Other research points to dopamine dysregulation, as chronic alcohol abuse can desensitize your dopamine receptors. When these receptors get desensitized, it’s actually harder to experience pleasure in a natural state, which means that the depression experienced as a result of bipolar episodes becomes increasingly more intense.
Finally, repeated alcohol withdrawal can actually sensitize your brain, leading to more frequent and severe mood episodes. This means that heavy drinking can actually more readily trigger rapid cycling between depressive and manic episodes. This then ties back to the self-medication hypothesis and worsens things like dopamine dysregulation in a vicious cycle.
Can I Get Treatment for Bipolar Depression and Alcohol Abuse?

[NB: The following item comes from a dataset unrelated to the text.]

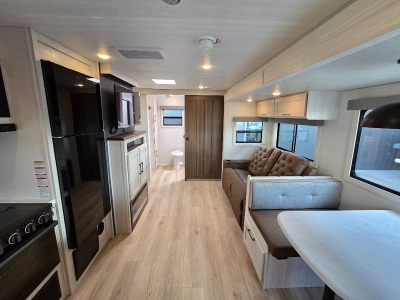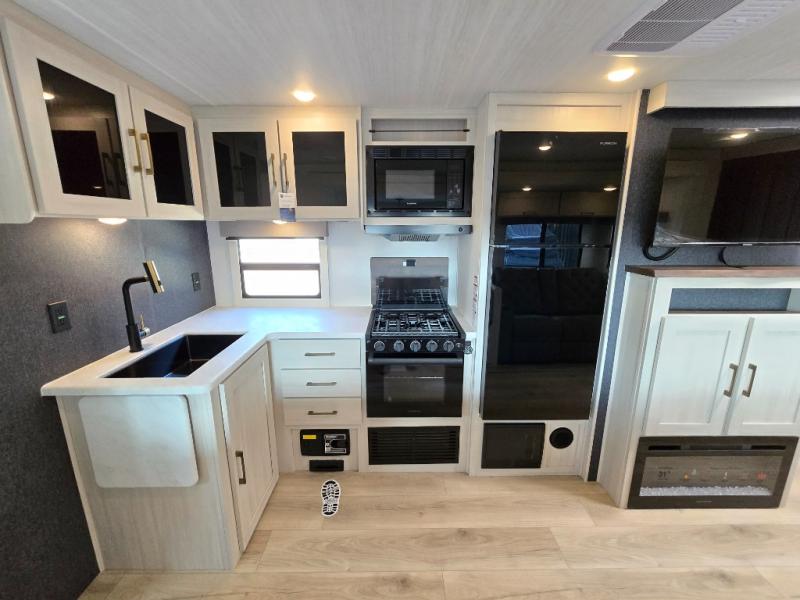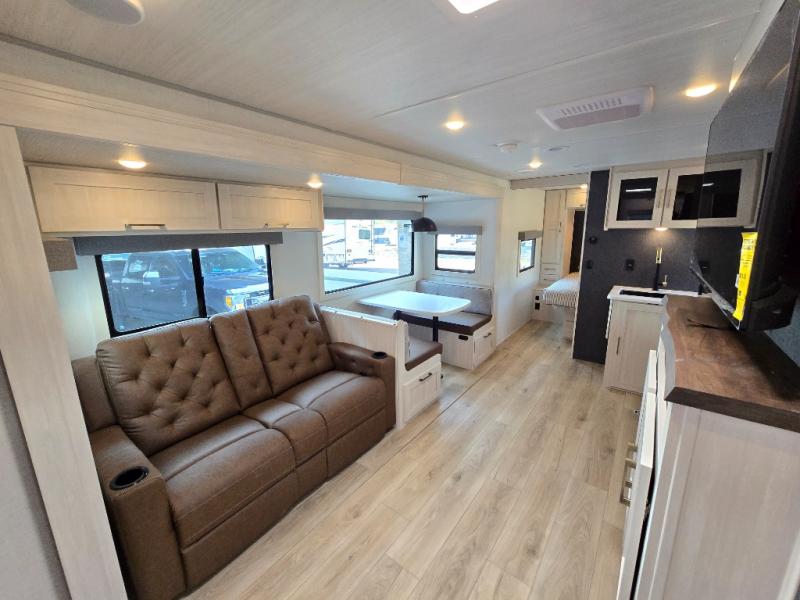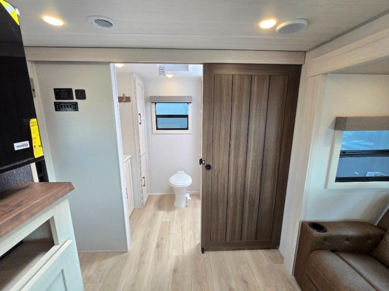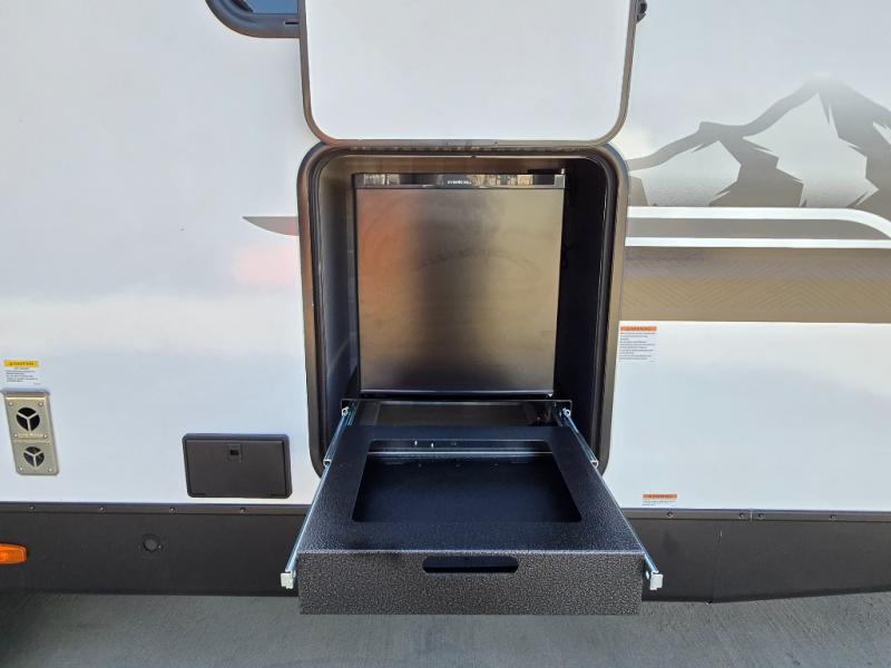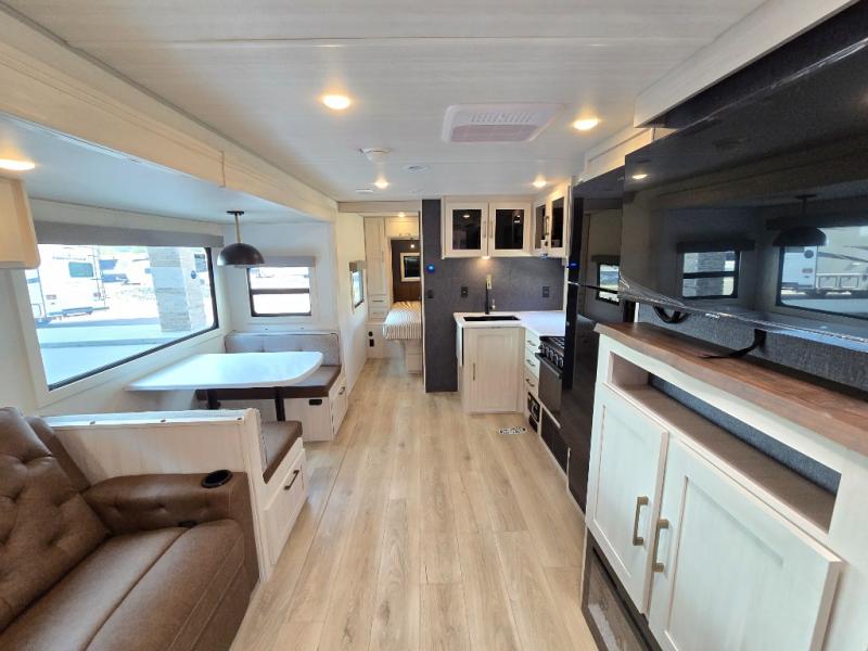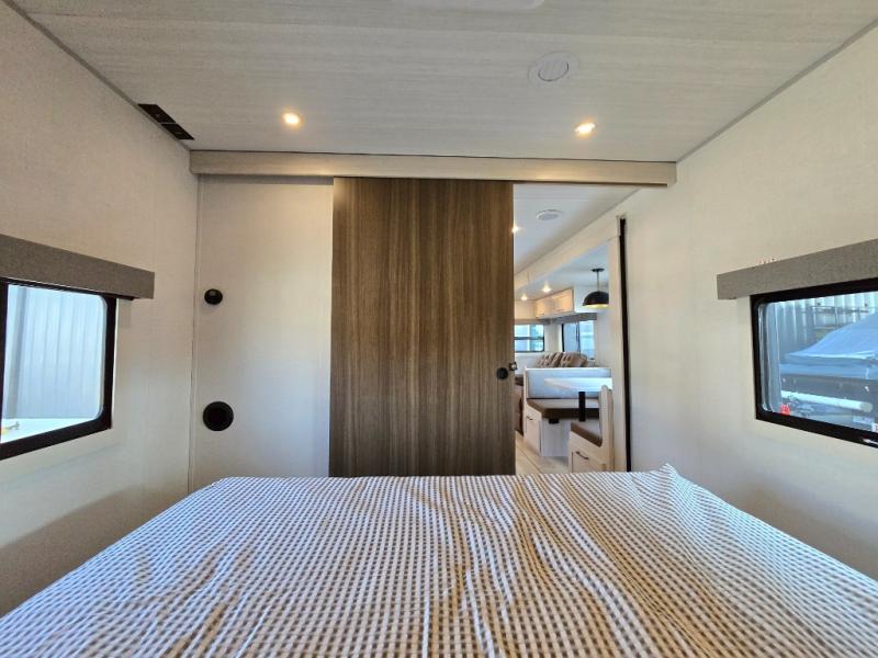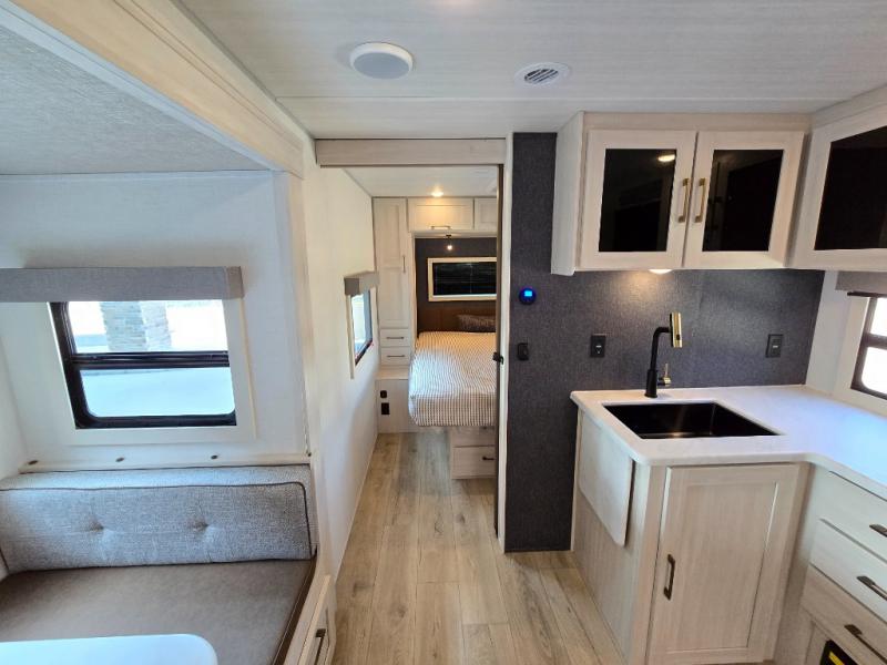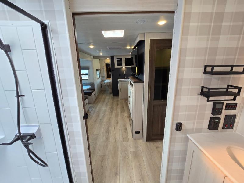 No need to rough it when you camp; this trailer offers amenities that allow you to "Glamp" if you want! The rear spacious bathroom is tucked away behind a beautiful barn door, and inside features a shower, wardrobe, and linen storage. The front master bedroom offers privacy, a walk-around custom king bed, dual wardrobes and underbed storage, plus TV prep if you want the option to watch movies in bed. The L-shaped counter in the kitchen provides enough space to have everything at your fingertips while you cook, plus there is a countertop extension for more prep and serving space if needed. A nice walk-in pantry just inside the entry door will be perfect for chips and snacks or canned goods for those longer camping trips. If dining inside, the booth dinette with pull-out dinette drawers will be comfortable plus you will enjoy the view provided by the panoramic windows within the slide out. An outside kitchen will be a favorite for anyone that cooks, and the 19' awning will provide some protection from the elements and offering an outdoor living area to enjoy with everyone.

Yes, treatment is available for both conditions. The best course of action is a dual diagnosis form of treatment, providing care for alcohol use disorder and bipolar disorder at the same time. This type of integrated approach includes access to psychosocial support like cognitive behavioral therapy or dialectical behavioral therapy, both of which can teach you how to better manage triggers without turning to alcohol.
As part of our treatment, we also incorporate things like pharmacotherapy, helping each of our clients to work in partnership with their primary care physicians to find medication for bipolar disorder that can make it more effective to manage episodes of depression or mania, and to do so without turning to alcohol.
A final element of a successful treatment plan is participation in support groups. At NY Center for Living, we aim to encourage our clients to participate in ongoing support groups while building a support network. This looks different for each age group but involves things like peer recovery support and local support group meetings.
Is It Bad to Have Bipolar and Alcohol Abuse at the Same Time?
Without getting the right access to care, individuals who struggle with bipolar disorder and alcohol abuse are at a much higher risk of suicidal ideation and suicidal attempts. Alcohol abuse as a form of self-medication can actually interfere with the body’s ability to metabolize mood stabilizers like lithium, making them less effective. Finally, without the right type of care, recovery is often delayed as individuals only get treatment for single episodes of depression or for alcohol abuse, but not for the underlying bipolar disorder. Our aim is to ensure that all clients have access to the right type of program for their circumstances.